Inaccurate Laser/Camera equipment

Author
Discussion

freewheeler

Original Poster:

1,416 posts

223 months

Thursday 8th February 2007
quotequote all
Violation of European Law. Section 172 of The Road Traffic Act is used to request information that incriminates. Failure to comply with the legislation is a criminal offence which results in penalty if charged. The ECJ in numerous cases have stated that you cannot request information that would incriminate by way of penalty.

There are numerous cases awaiting a hearing before the ECJ however, the waiting time for such a hearing is long. In the meantime the government rakes in £225 million in corrupt speeding fines. Corrupt because the camera/laser equipement have been proven inaccurate within Crown Courts amongst other matters and still, the judiciary persist to prosecute.

The petition further highlights matters.

http://petitions.pm.gov.uk/Violation/


N.B. This thread belongs to Cen, noticed it was posted without a title!

LuS1fer

42,613 posts

260 months

Thursday 8th February 2007
quotequote all
The point on self-incrimination has been raised before in the European Court of Human Rights and in previous cases they have upheld it on the basis you still have the choice of not complying. The trouble is many of the cases come from other EU States so they have to apply the same principles across the board.

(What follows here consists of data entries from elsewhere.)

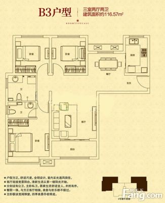 户型齐全,主打南北通透,客厅朝南,主卧朝南,主卧带卫三居
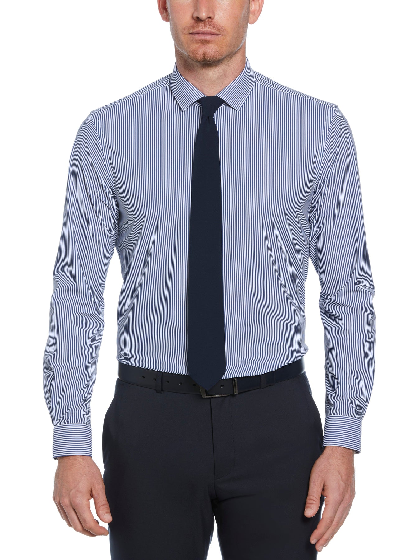 This Perry Ellis men's long sleeve shirt makes a great addition to any closet. Featuring a stripe print, this long sleeve button-up shirt has a classic look you can dress up or down with ease. Plus, the slim fit gives this button down shirt a modern look for added style.
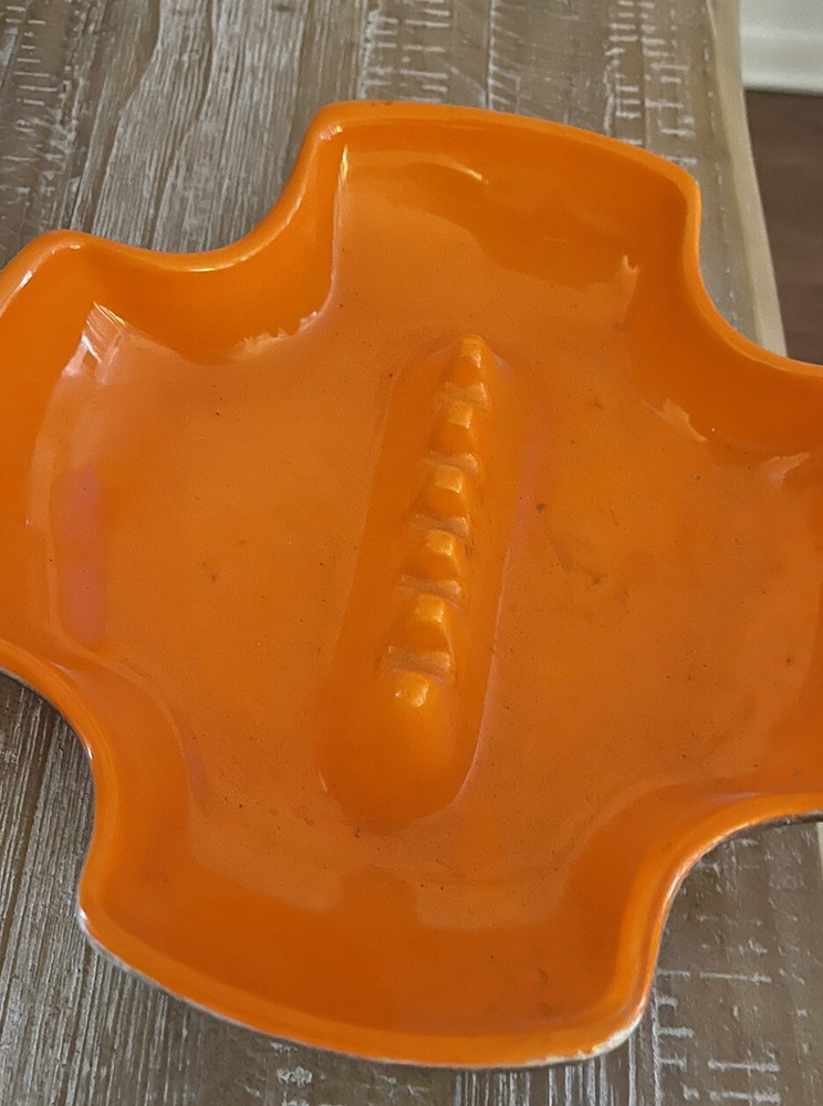 Vintage Sequoia Ashtray Flame Red Orange Lava Glaze W/wood Finish Mid Century.

I can't comment on the accuracy of speed cameras because it depends on whether they are used correctly and sensationalist journalists after a story will deliberately operate them incorrectly to get a cheap headline. having said that, I haven't seen the company responsible for making these devices rush forward to publicly and scientifically prove their accuracy beyond doubt by correct use.

Still, no harm in keeping at 'em because clarifying the law is just as important as enforcing it.

turnandburn

2 posts

221 months

Sunday 18th February 2007
quotequote all
well if its home office approved we can all sleep safe at night i guess cos surely they cant be wrong.............

Philbes

4,658 posts

249 months

Sunday 18th February 2007
quotequote all
I agre with the priciple behind the petition, but unfortunately the petition is poorly worded :-


"The aforementioned section then, violates European Law. The ECJ (European Court of Justice) have on numerous occasions in prior case stated that in Criminal Offences, information that would incriminate by means of penalty is forbidden."

What was meant, I assume, was :-

"The aforementioned section then, violates European Law. The ECJ (European Court of Justice) HAS on numerous occasions in prior caseS stated that in Criminal Offences, DEMANDING by means of penalty information that would incriminate is forbidden."

Has the ECJ actually made such a statement?